If you offered your house for sale at $2 million, it would never sell (or it would remain on the market until inflation caught up with your price). If you asked $100 for it, you’d have a sale before your advertisement even hit the papers. (The supervisor of the newspaper’s classified ad department would be at your door five minutes after you called.)
So you need only search for the figure, somewhere between $100 and $2 million, that will attract buyers and at the same time bring you the most money. One point is clear: If you can sell for $100 in five minutes, and for $2 million in 20 years, obviously time and money are related in real estate sales.
If you are under no pressure to sell, you have the luxury of exploring the market, experimenting with price, and accepting an offer without pressure. This process is likely to yield the highest price.
If, on the other hand, you are working under a deadline, a no-nonsense price, slightly under true market value, will bring immediate action. When such a listing comes through the daily computer printout, one agent, idly reading, says to another, “Listen to this. A three-bedroom house in Suburban Heights for $270,000.” And the other says, “Aren’t they going around three hundred over there? Won’t last.” Both reach for the phone to give the news to penny-pinchers they’ve been working with. The scene is repeated in any number of MLS offices, and that’s one way houses are sold in a day.
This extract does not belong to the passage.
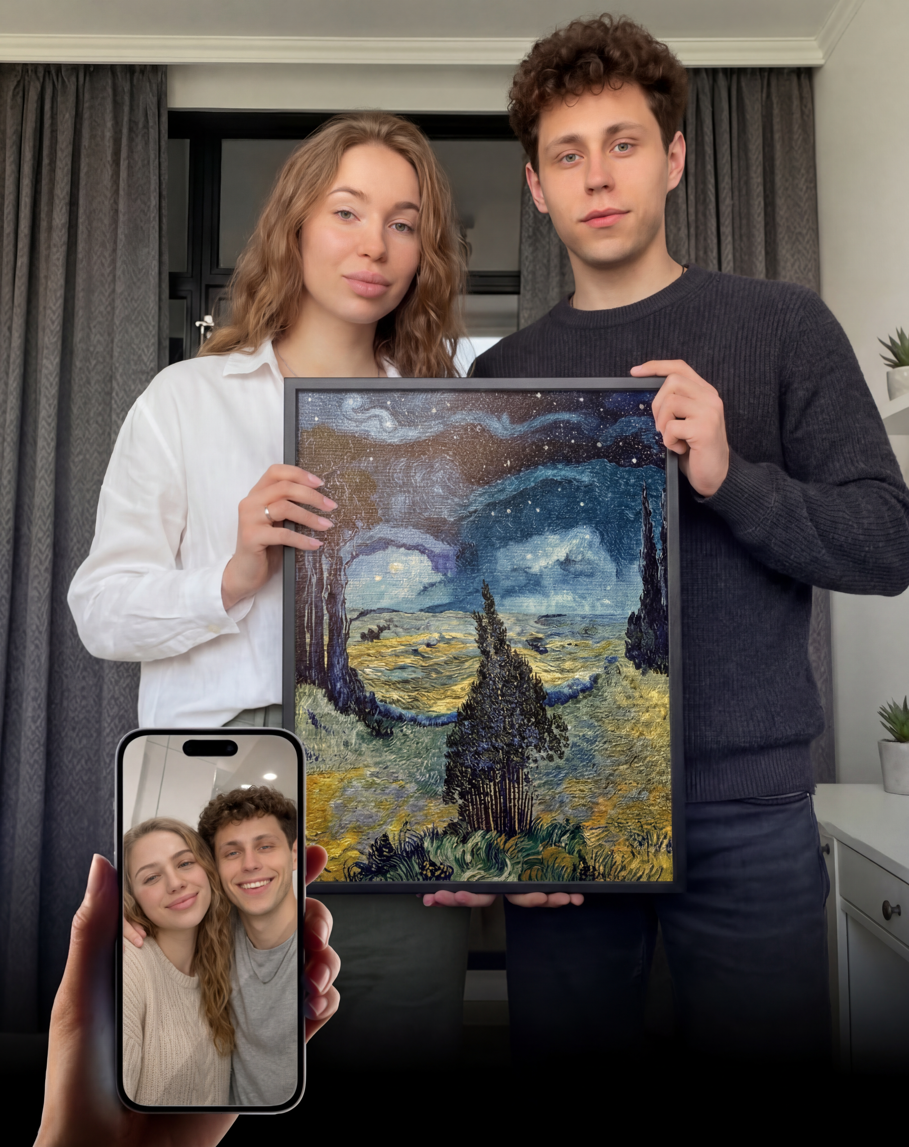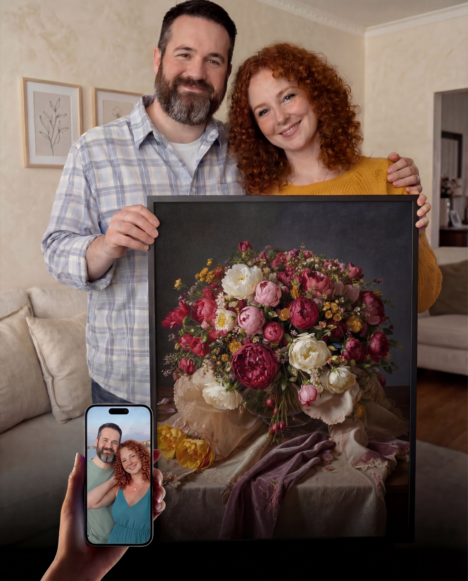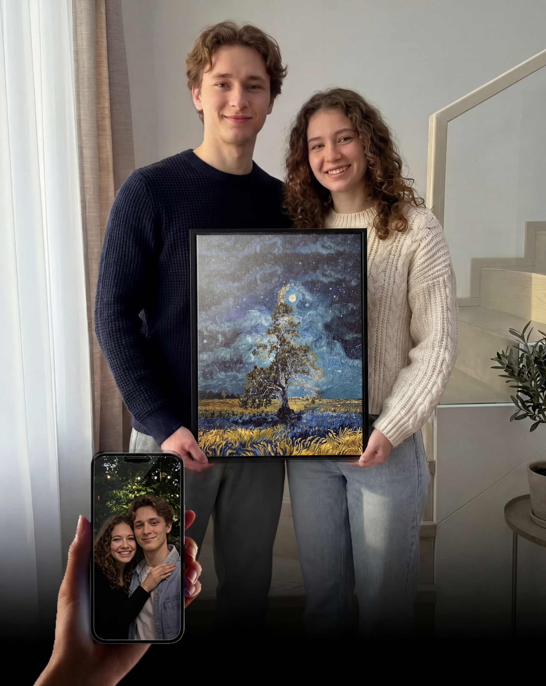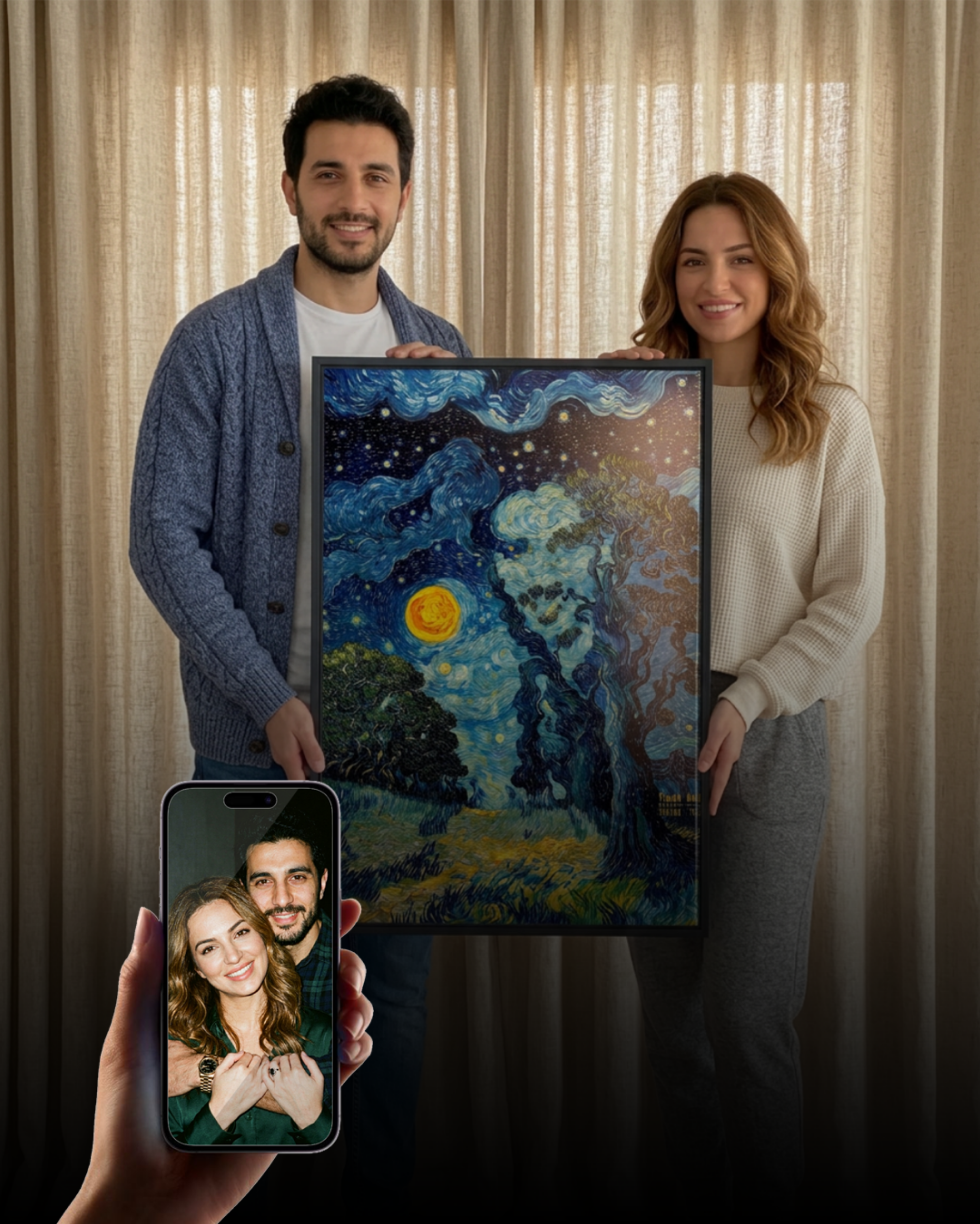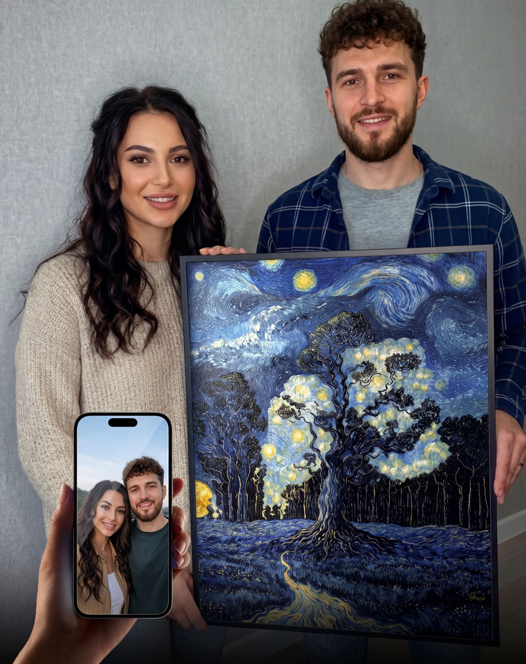 Turn your favorite photo into a timeless piece of fine art. Whether it's a couple, family, or a meaningful moment, we transform your image into a beautifully crafted artwork that subtly reveals your portrait.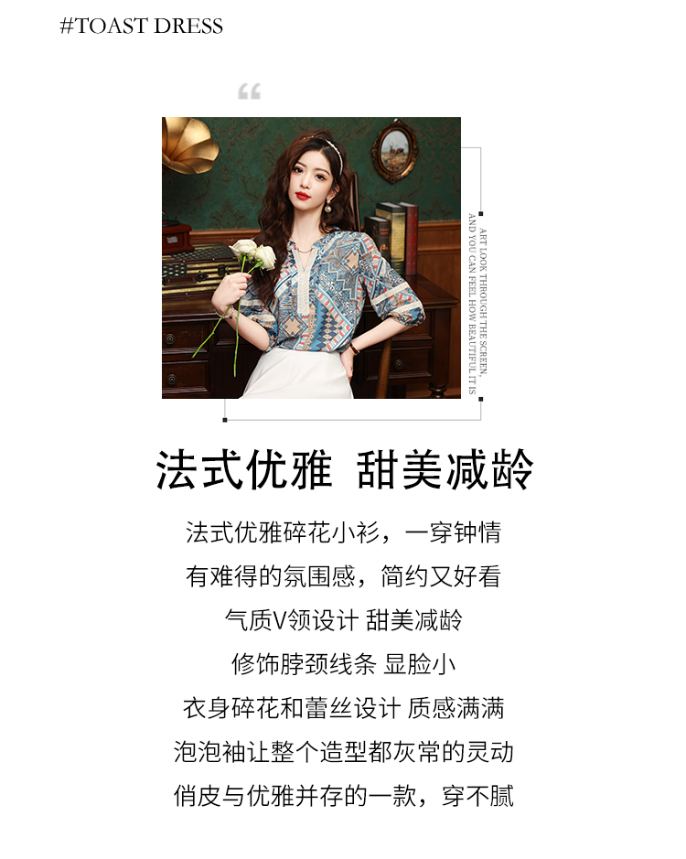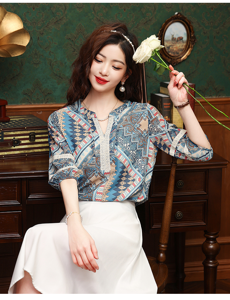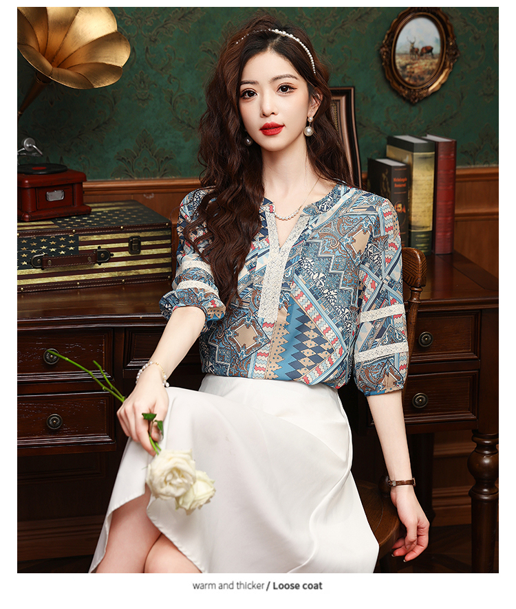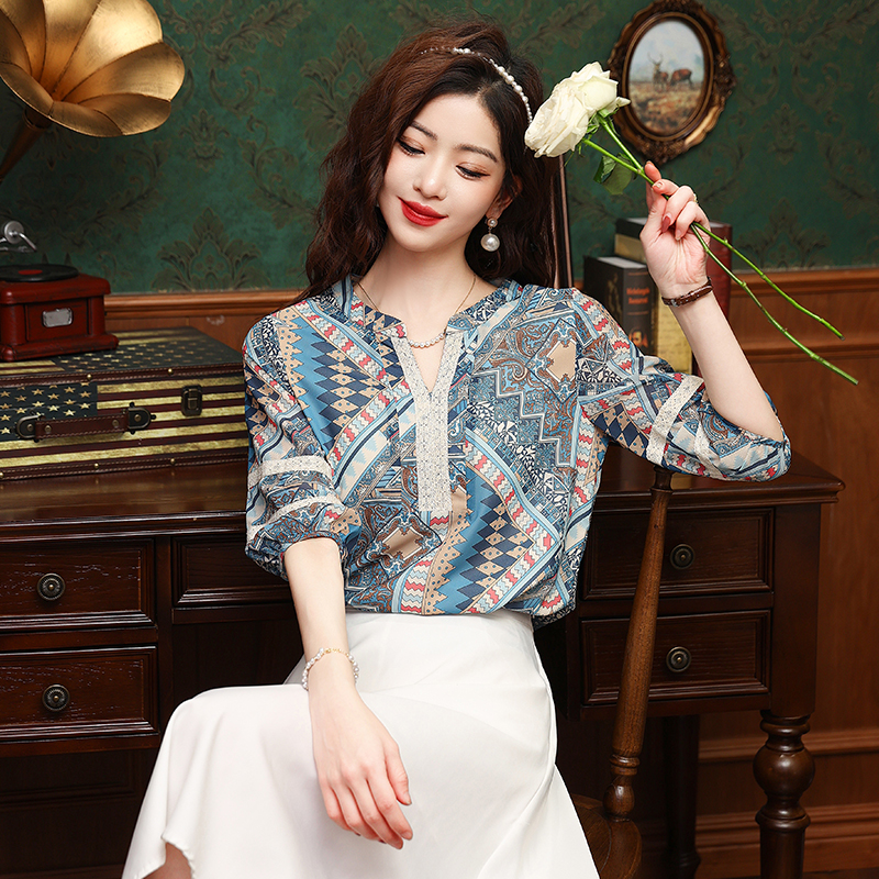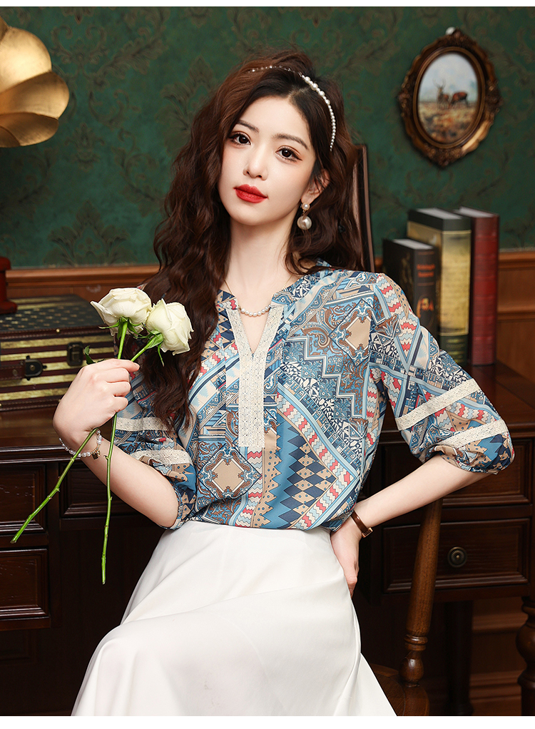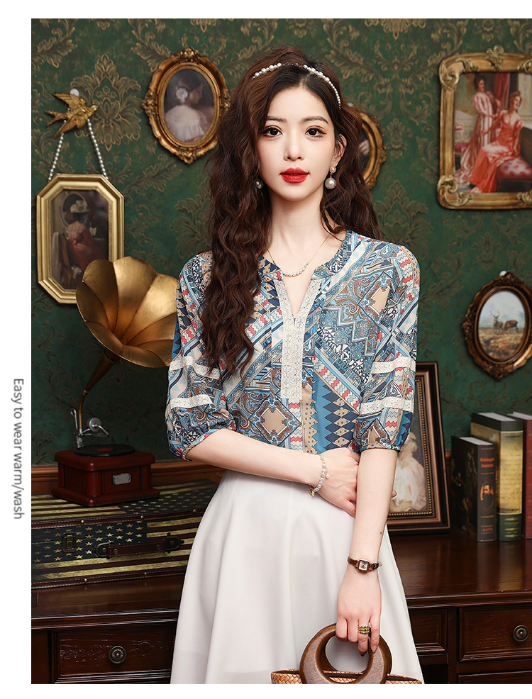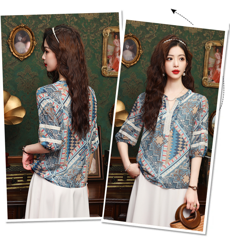 PF1999#民族风雪纺印花 夏季新款小V领中袖蕾丝边轻薄女衬衫

A one-day sale, though, does not meet the standards set for fair market value of property. The concept of fair market value comes from the field of appraising.
Fair market value has been defined as the most probable price a property will bring if it has been widely exposed on the market, if sufficient time is allowed to find an informed buyer, and if neither party is under undue duress.
Pricing your property involves an attempt to estimate fair market value, depending on circumstances.